As the day waned, the tavern grew rowdy with fishermen and loggers celebrating the day's end with ale. Johan had no use for frivolity but stuck to business. Luckily, as ordered, Johan's huntsman waited at an alley, then slunk into it. Johan joined him.
Funneled by nearby buildings, the wind whistled furiously behind the tavern but not enough to carry away the stink of privies and fish. Johan's huntsman pointed out two men lurking under a drying rack in sunset shadows.
No names were exchanged. The men might have been brothers but were not. Everyone in Buzzard's Bay was descended from the same stock: tall, blond, thick-limbed, slow of speech but keen of mind, for the sea didn't forgive fools. Careless clods sank beneath the brine, leaving the clever alive and cautious. These two wore thick quilted jackets and fur hats and vests. The only difference showed in their footwear-the one covered with silver mackerel scales wore sea boots, while the other wore knee-high riding boots. Both their mustaches blew in the breeze.

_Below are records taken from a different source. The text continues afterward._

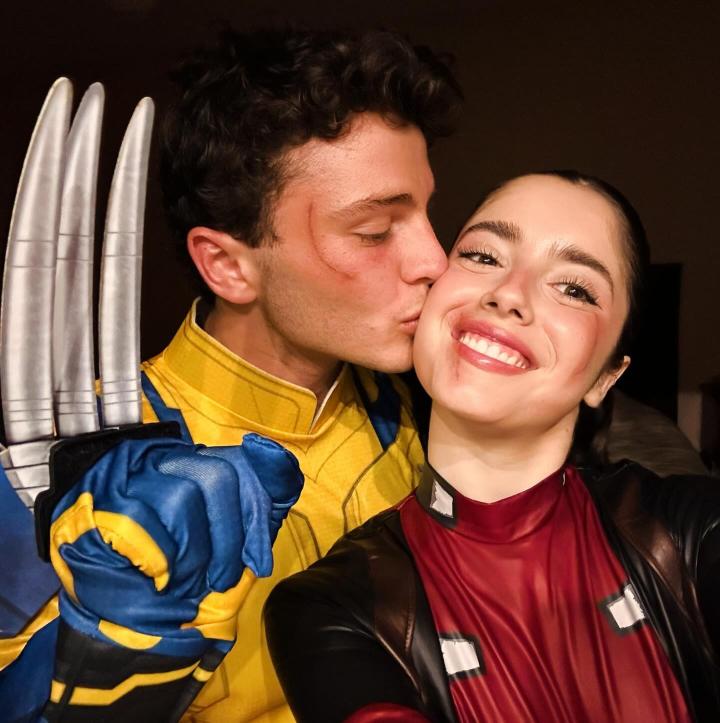 当地时间10月31日,Madalena Aragão在社交媒体晒出她和若昂-内维斯一起过万圣节的照片,照片中她和内维斯扮成死侍和金刚狼,内维斯亲吻了她的脸颊。
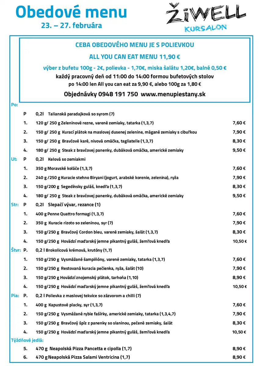 Obedové menu 23. februára až 27. februára 2026 ŽiWell Kursalon
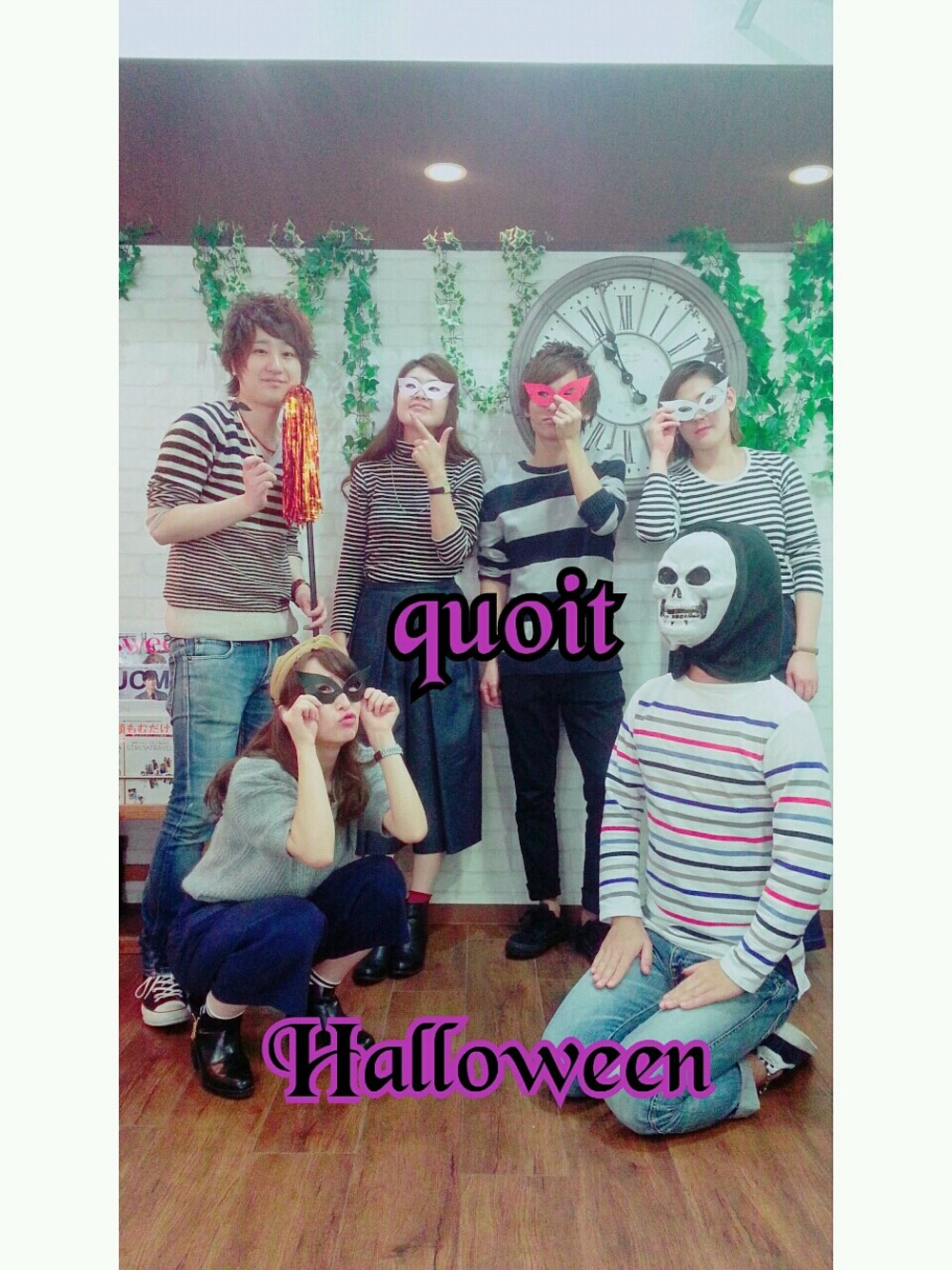 スタッフ写真です! みんなでボーダーコーデ♪ ハロウィン仕様です。 営業前にパシャリ(*^^*)

Muzzy from ale, the huntsman said, "These are the blokes you want, milord. One is feared on land and one on sea."
Johan studied the men as if buying cattle. The locals stared back.
Johan asked, "You shan't shrink from an odious task? I can reward smart agents who do a good job but make it look like another's work."
The two coasters nodded. The scale-speckled corsair said, "If you can pay, milord, we can deliver. We're not men to shirk or question. The Drumfish is ready to sail at your whim."
"And my gang's armed and awaiting orders," added the highwayman.
Nodding, the bony mage fished in his pockets and doled out a handful of gold and electrum that made eyes bulge. Immeasurably wealthy, Johan seldom dealt with money, so he never knew its value. He'd only asked his scribe for "enough coin to buy two crews." Hurriedly the assassins split the haul.
Johan also gave a puffy leather pouch to the highwayman. Light as thistledown, it was stoppered with a wooden peg sealed with beeswax.
The mage warned, "It's full, so don't peek until it's needed. Let the contents float downwind into a crowd to rile them."
To the pirate, Johan gave a small nautilus shell lacquered black. The mouth was also stoppered with wax. "If you engage in a sea battle, break the seal and pitch it overside. T'will help you win."